Output, exactly as written, the lines below starting at the line containing "More than $15" and ending at the line containing "Robert Hart's forest". Drop the pictures and keep both end lines.

Dataset excerpts:
****************

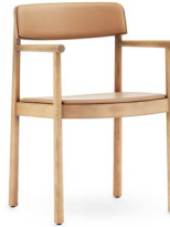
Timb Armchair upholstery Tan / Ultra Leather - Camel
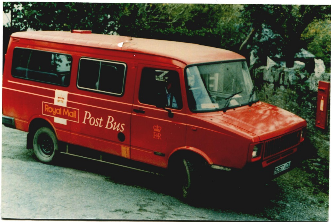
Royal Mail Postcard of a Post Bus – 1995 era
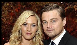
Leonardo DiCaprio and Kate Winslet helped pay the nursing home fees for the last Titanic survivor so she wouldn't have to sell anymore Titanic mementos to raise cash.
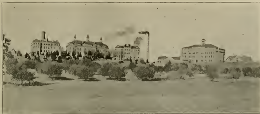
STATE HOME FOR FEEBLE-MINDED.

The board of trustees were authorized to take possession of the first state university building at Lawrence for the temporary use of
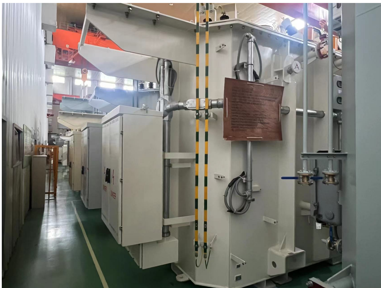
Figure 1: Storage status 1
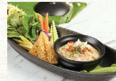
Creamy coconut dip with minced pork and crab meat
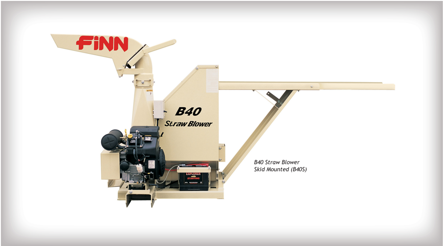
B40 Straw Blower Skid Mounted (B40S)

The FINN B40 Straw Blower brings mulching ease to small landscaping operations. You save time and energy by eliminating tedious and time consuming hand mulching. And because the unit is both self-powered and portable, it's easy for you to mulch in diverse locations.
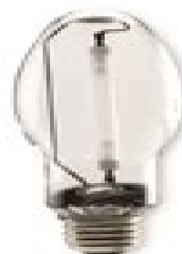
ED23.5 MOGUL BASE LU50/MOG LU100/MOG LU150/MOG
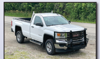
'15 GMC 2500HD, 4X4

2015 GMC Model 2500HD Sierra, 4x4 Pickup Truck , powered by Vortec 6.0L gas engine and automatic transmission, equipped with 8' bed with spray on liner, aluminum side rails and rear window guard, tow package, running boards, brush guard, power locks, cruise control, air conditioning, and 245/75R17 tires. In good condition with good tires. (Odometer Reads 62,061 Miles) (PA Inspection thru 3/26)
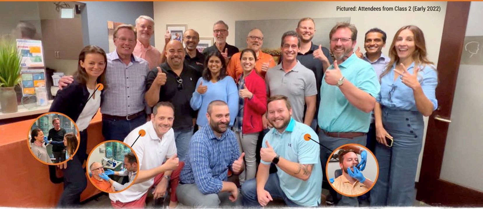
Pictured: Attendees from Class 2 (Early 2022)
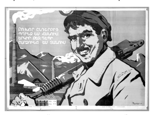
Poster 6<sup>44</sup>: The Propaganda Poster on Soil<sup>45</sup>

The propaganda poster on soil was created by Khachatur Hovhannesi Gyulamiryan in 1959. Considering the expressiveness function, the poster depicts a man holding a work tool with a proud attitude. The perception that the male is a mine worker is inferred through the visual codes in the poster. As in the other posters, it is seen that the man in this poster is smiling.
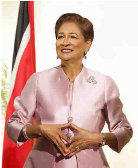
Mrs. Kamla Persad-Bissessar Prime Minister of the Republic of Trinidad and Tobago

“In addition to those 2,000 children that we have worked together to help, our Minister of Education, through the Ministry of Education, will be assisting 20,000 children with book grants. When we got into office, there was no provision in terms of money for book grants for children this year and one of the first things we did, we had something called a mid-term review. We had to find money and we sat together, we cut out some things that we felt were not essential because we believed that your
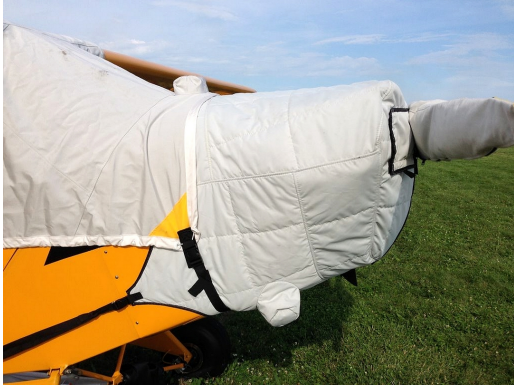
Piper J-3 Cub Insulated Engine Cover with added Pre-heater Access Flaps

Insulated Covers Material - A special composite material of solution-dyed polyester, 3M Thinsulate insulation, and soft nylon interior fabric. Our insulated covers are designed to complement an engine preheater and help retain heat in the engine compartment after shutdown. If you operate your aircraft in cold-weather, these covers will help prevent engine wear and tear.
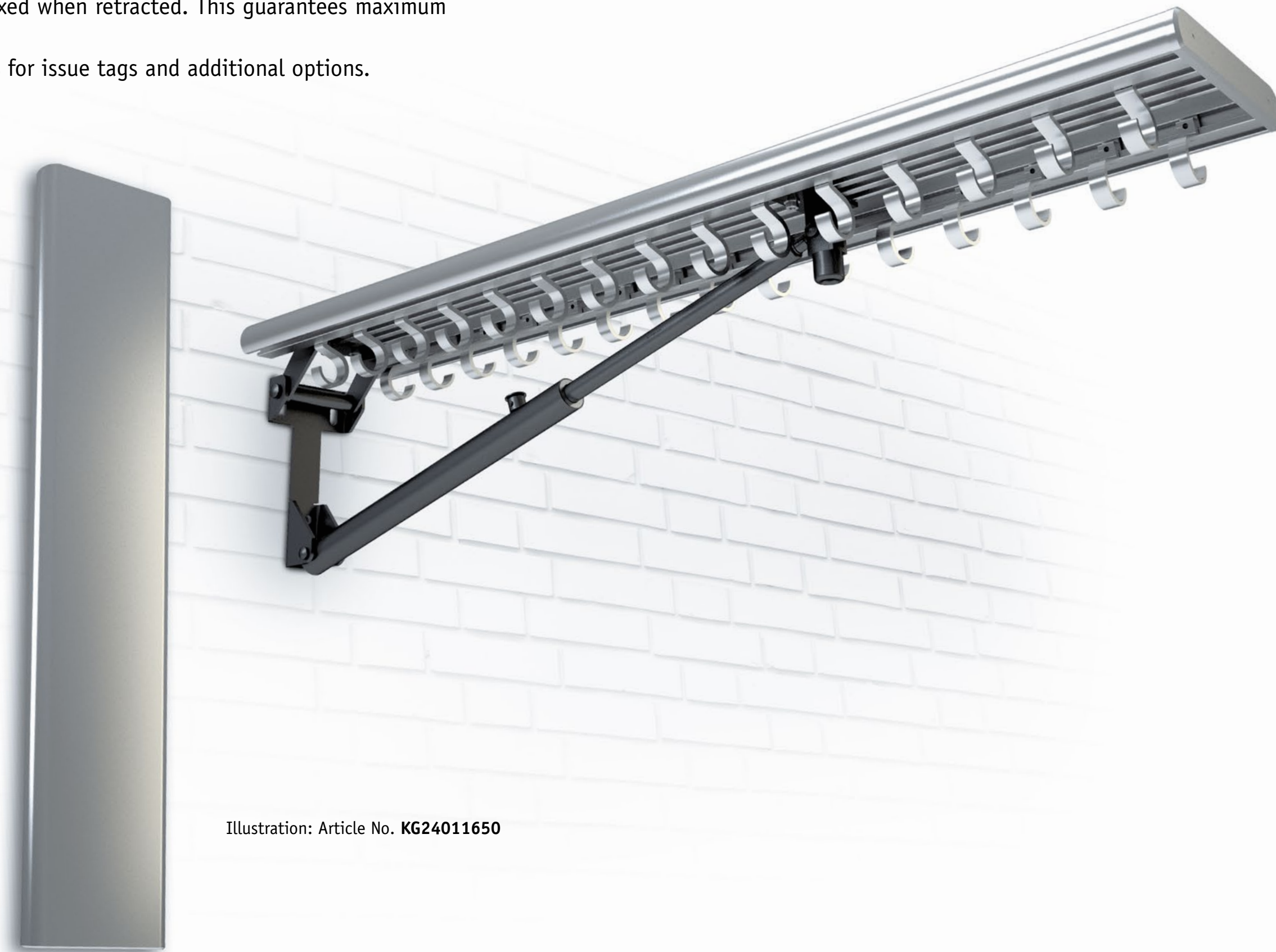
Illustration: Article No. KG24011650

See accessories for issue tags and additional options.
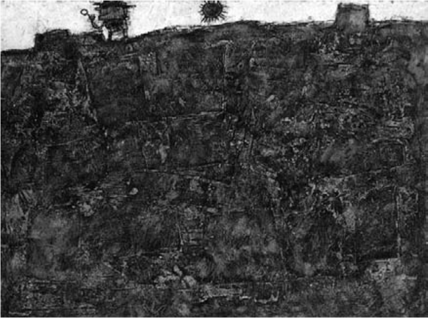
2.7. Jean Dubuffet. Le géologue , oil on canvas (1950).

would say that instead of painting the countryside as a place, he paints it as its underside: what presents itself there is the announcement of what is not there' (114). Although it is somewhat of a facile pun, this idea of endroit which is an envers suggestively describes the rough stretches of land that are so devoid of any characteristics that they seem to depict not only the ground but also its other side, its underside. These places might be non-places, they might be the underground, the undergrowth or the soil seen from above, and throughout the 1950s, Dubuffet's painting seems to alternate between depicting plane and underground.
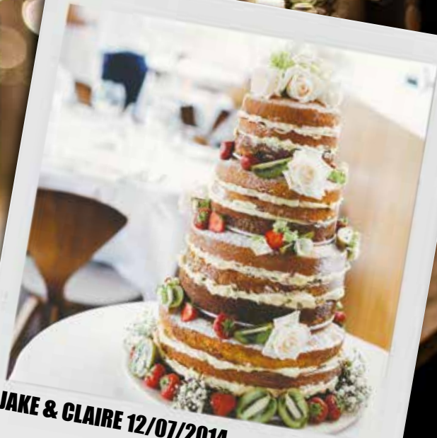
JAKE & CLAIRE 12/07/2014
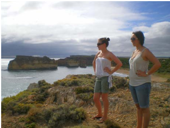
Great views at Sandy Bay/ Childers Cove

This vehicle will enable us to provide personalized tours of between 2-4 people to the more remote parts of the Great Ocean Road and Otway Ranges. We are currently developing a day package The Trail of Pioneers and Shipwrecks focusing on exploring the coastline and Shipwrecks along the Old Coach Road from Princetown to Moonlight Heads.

****************

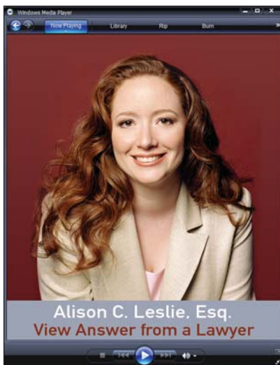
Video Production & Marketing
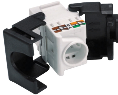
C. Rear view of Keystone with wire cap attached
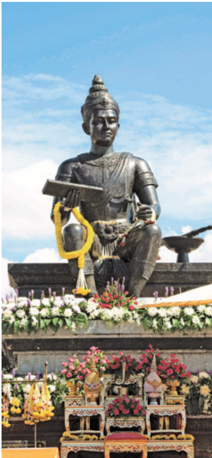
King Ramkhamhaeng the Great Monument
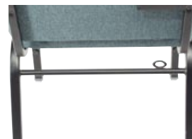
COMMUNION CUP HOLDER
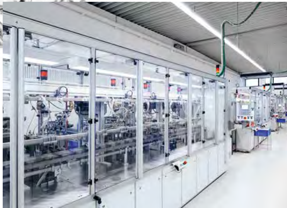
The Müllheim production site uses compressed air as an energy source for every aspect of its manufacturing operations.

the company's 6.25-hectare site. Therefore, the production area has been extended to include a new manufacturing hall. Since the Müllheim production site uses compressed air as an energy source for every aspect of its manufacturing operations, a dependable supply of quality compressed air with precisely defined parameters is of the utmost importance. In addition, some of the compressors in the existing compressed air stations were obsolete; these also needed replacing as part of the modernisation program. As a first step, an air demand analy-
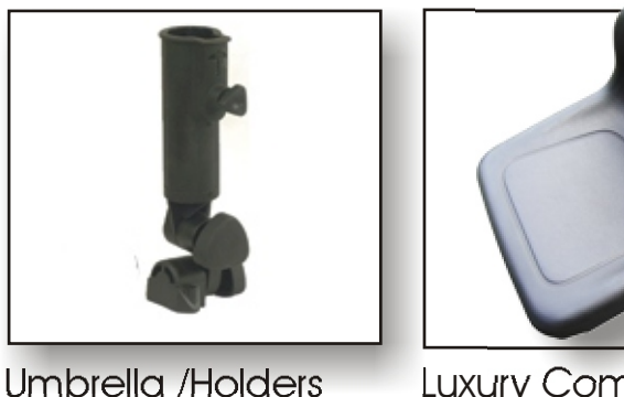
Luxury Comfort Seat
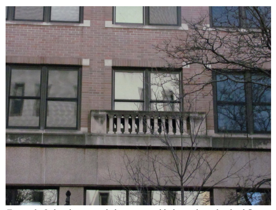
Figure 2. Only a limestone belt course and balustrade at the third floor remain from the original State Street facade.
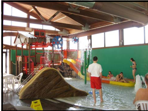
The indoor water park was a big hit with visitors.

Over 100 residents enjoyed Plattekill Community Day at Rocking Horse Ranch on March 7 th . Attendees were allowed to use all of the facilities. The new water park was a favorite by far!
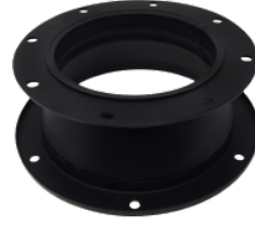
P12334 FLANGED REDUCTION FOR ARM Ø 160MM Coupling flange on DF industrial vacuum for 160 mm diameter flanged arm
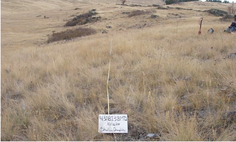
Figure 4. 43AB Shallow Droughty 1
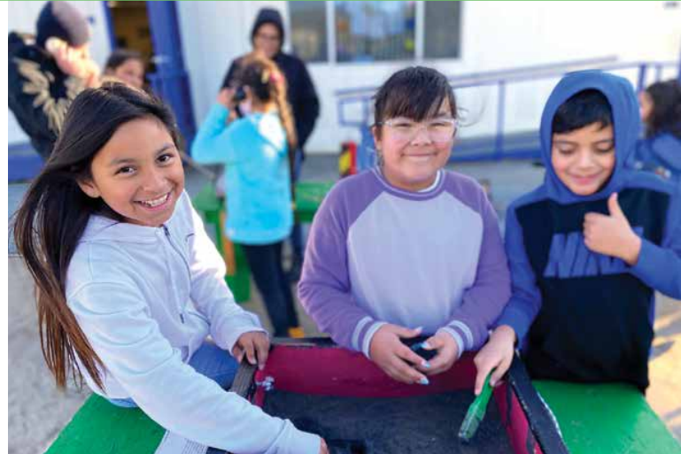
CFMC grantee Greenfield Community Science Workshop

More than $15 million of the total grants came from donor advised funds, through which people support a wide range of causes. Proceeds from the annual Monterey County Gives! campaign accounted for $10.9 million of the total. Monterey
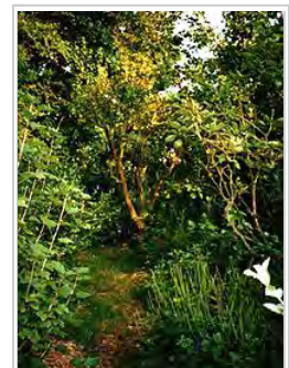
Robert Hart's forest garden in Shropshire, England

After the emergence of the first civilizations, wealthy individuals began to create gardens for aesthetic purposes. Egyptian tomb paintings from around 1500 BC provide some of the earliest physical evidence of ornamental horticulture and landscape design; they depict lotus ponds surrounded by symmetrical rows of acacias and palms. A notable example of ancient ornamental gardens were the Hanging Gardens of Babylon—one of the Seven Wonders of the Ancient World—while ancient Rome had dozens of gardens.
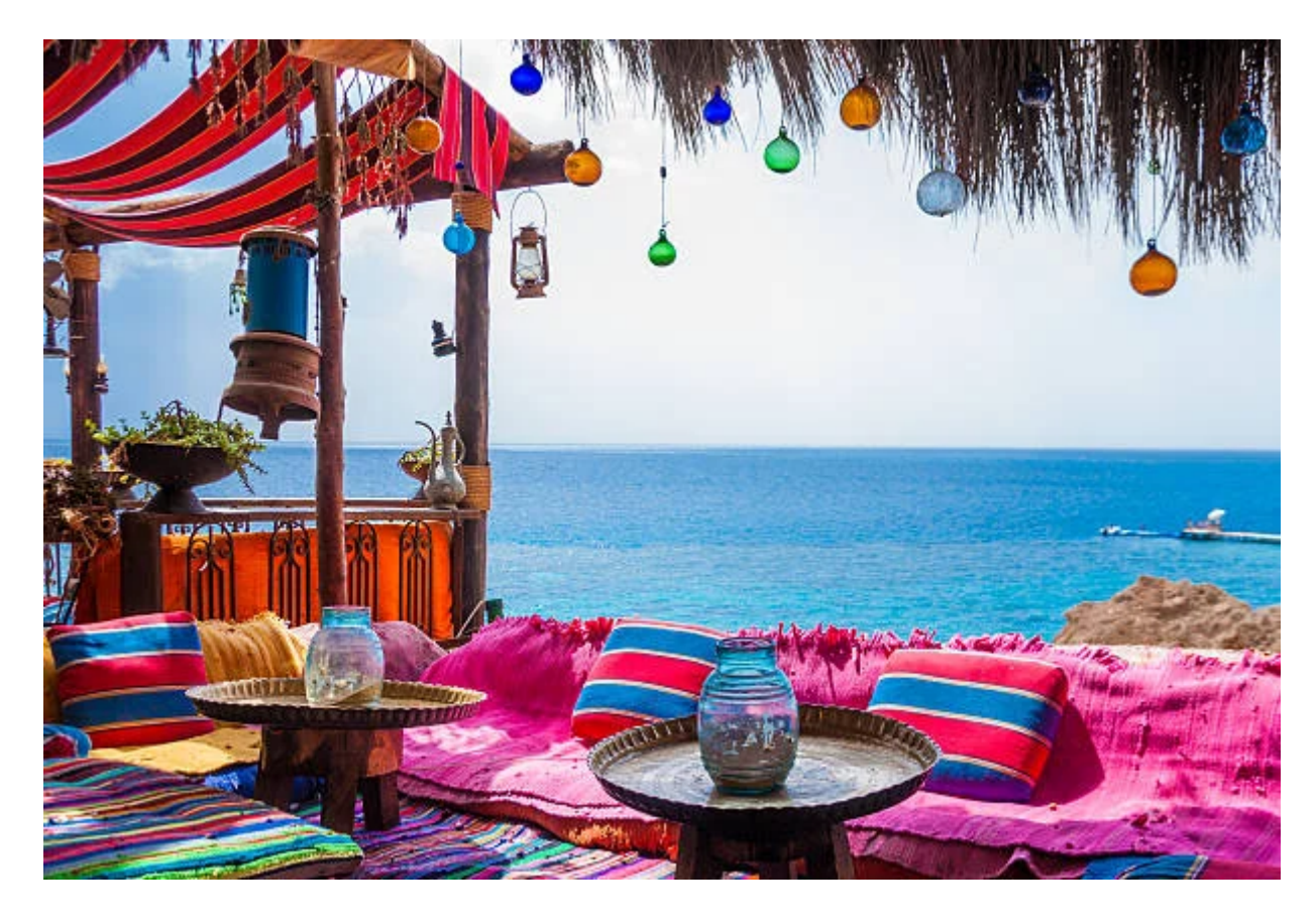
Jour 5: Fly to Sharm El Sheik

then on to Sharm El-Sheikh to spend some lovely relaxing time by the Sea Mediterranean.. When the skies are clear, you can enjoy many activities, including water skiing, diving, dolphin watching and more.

****************

> **SOLUTION FOR THIS TASK**:
More than $15 million of the total grants came from donor advised funds, through which people support a wide range of causes. Proceeds from the annual Monterey County Gives! campaign accounted for $10.9 million of the total. Monterey
Robert Hart's forest garden in Shropshire, England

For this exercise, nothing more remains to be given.